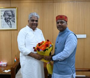 N bharat,,,,रायपुर/जगदलपुर। प्रदेश के वनमंत्री केदार कश्यप एक दिवसीय दिल्ली प्रवास पर हैं जहाँ उन्होंने ने छत्तीसगढ़ के विकास और उन्नति को लेकर केंद्रीय वन, पर्यावरण एवं जलवायु परिवर्तन मंत्री भूपेंद्र यादव से सौजन्य भेंट की। इस अवसर पर उन्होंने केंद्रीय मंत्री भूपेंद्र यादव से विभिन्न विषयों पर सार्थक चर्चा हुई। वनमंत्री कार्यालय छत्तीसगढ़ शासन से मिली जानकारी के अनुसार छत्तीसगढ़ में वन क्षेत्रों में हो रहे कार्य, एक पेड़ माँ के नाम 2.0 सहित हाथी मानव द्वन्द को लेकर जानकारी प्रदान करते हुए मंत्री केदार कश्यप ने आवश्यक मांगों पर केंद्रीय मंत्री भूपेंद्र यादव का ध्यान आकृष्ट किया है।
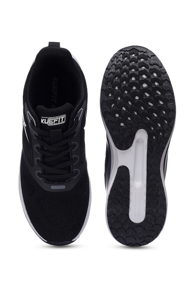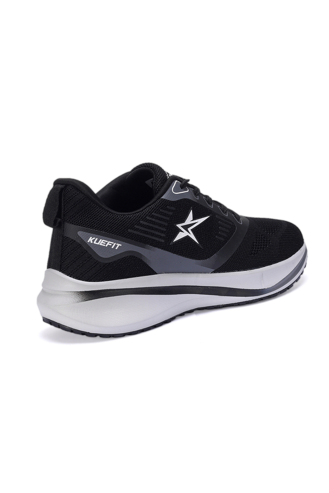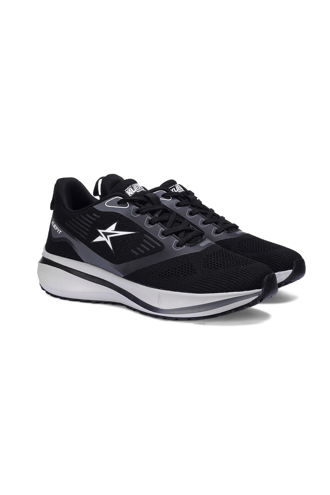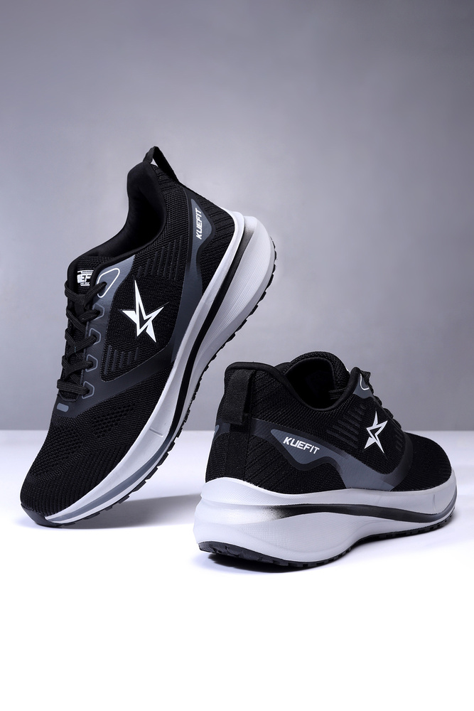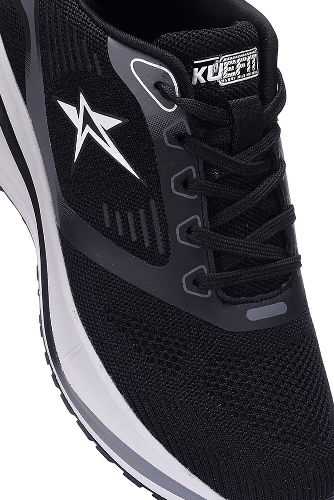 Step up your performance with these Kuefit men black sports running shoes, designed for style, comfort, and durability. Crafted with a breathable mesh upper and cushioned sole, these shoes provide excellent support and ventilation during workouts, runs, or casual wear. The sturdy outsole ensures superior grip and stability on different surfaces, while the sleek black design with star detailing adds a modern sporty touch. Perfect for fitness enthusiasts and everyday active wear. Disclaimer - Please note that the color of the product shown on the website may differ slightly from the actual product due to factors such as lighting and screen display.
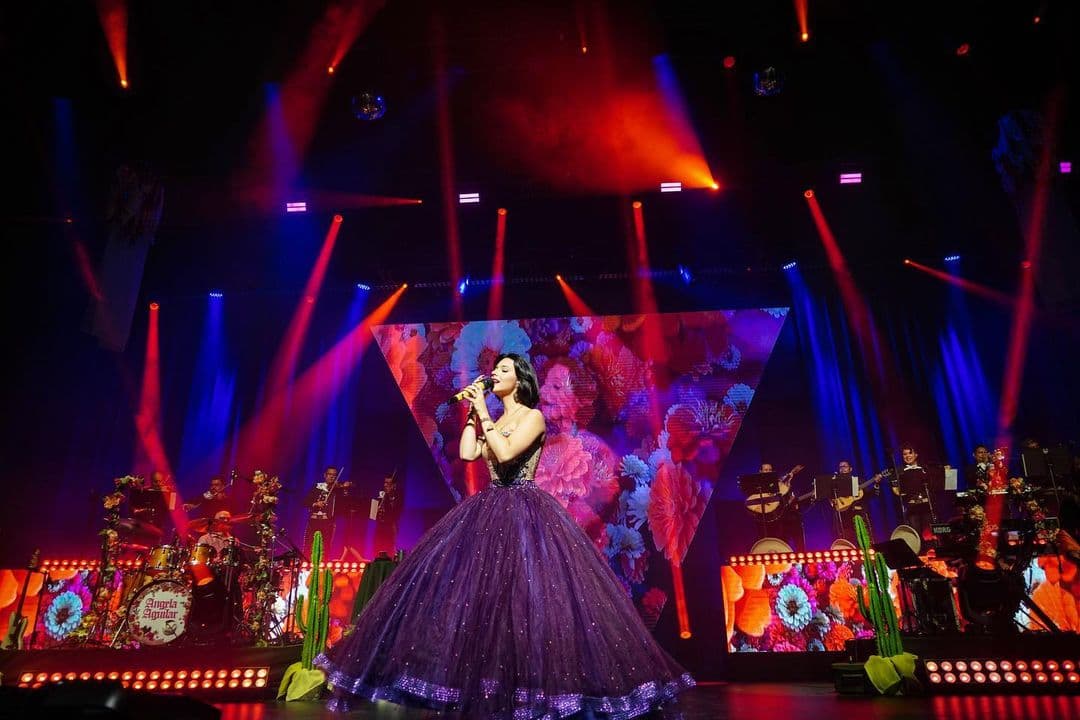 Al igual que Nina, Ángela portó un vestido color blanco en los shows que dio en Las Vegas y San Diego durante el mes de marzo 2022. Éste, aunque es de lo más parecido a los tradicionales vestidos de quinceañera, innova en la falda de peluche y en los bordados de lentejuelas con figuras de corazones y notas musicales, mismos que dan el toque perfecto de color al outfit.
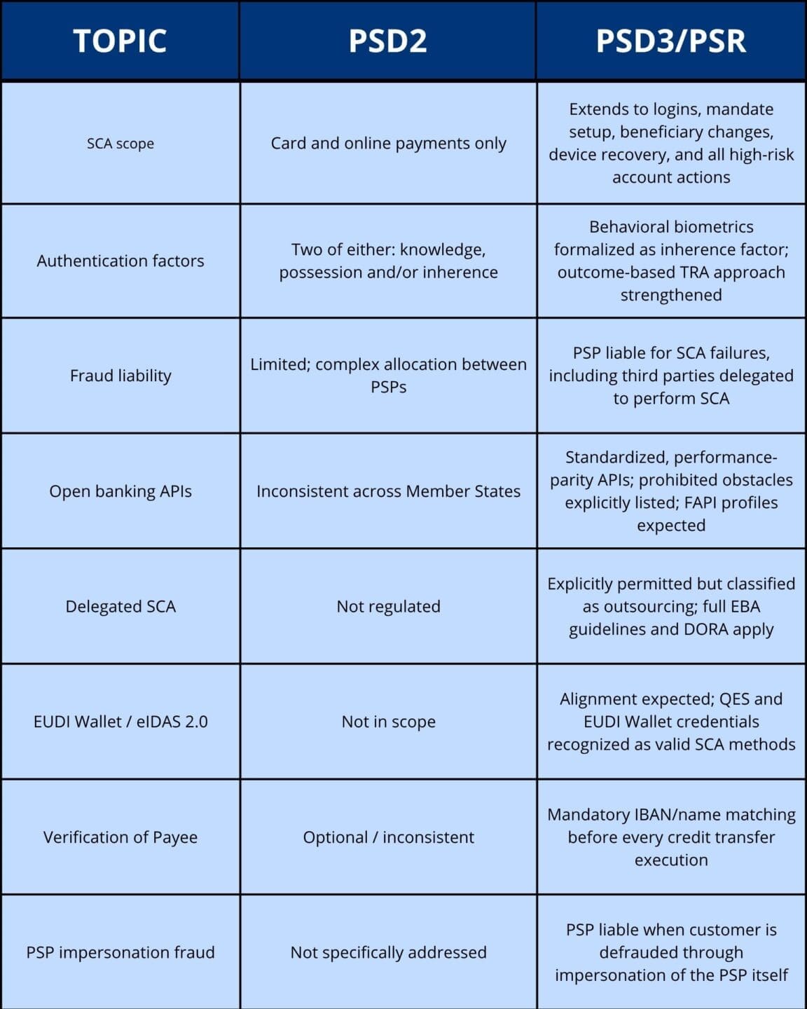 SCA obligations become directly enforceable via the PSR in late 2026. The quality of authentication factors, the liability for delegation, and the fraud monitoring requirements set a new baseline for every PSP operating in the EU.
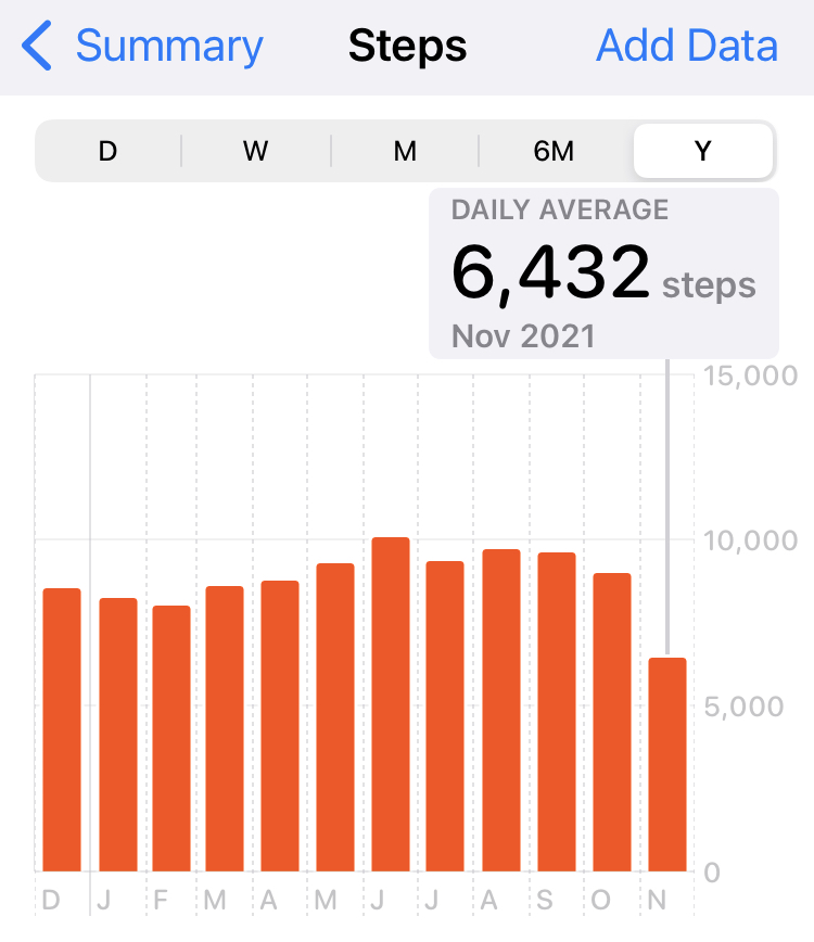 As the second half of November arrived, I thought I was healthy and over my cold. I really did. In hindsight, I was likely too excited about getting my Covid booster shot that I overlooked still being ill. Mistakes were made. I got the shot, and initially I had the normal reaction – sore arm and a little tired. Then, about 36 hours later, I developed a cough. A very Covidy cough. Had they given me the virus rather than the vaccine booster? I just asked for the Covid shot. Maybe I needed to be more specific. Regardless, it did not go well. I was sick for 2 weeks + with a cough and extreme fatigue, as opposed to my normal daily fatigue. I recall getting winded just walking across my backyard cleaning up dog poop. Stupid dogs. Needless to say, my exercise suffered. Take a look at this precipitous drop in steps.
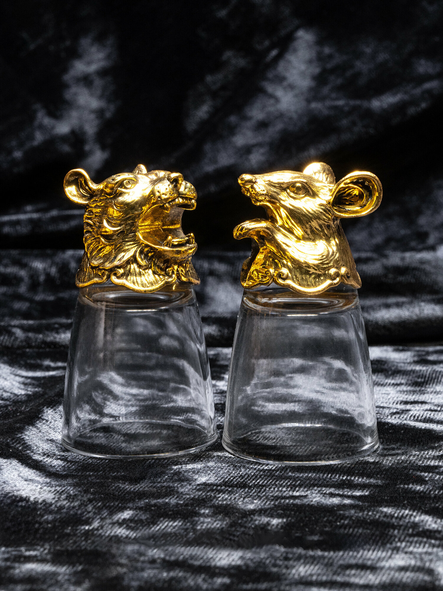 Рюмки-перевертыши с подставкой из латуни, стекла и металла 12 штук, 30мл

════════

## Task item
From the line that contains "As the second" to the final line of the material, write out each line exactly. Pictures stay out.

## Task output
 As the second half of November arrived, I thought I was healthy and over my cold. I really did. In hindsight, I was likely too excited about getting my Covid booster shot that I overlooked still being ill. Mistakes were made. I got the shot, and initially I had the normal reaction – sore arm and a little tired. Then, about 36 hours later, I developed a cough. A very Covidy cough. Had they given me the virus rather than the vaccine booster? I just asked for the Covid shot. Maybe I needed to be more specific. Regardless, it did not go well. I was sick for 2 weeks + with a cough and extreme fatigue, as opposed to my normal daily fatigue. I recall getting winded just walking across my backyard cleaning up dog poop. Stupid dogs. Needless to say, my exercise suffered. Take a look at this precipitous drop in steps.
 Рюмки-перевертыши с подставкой из латуни, стекла и металла 12 штук, 30мл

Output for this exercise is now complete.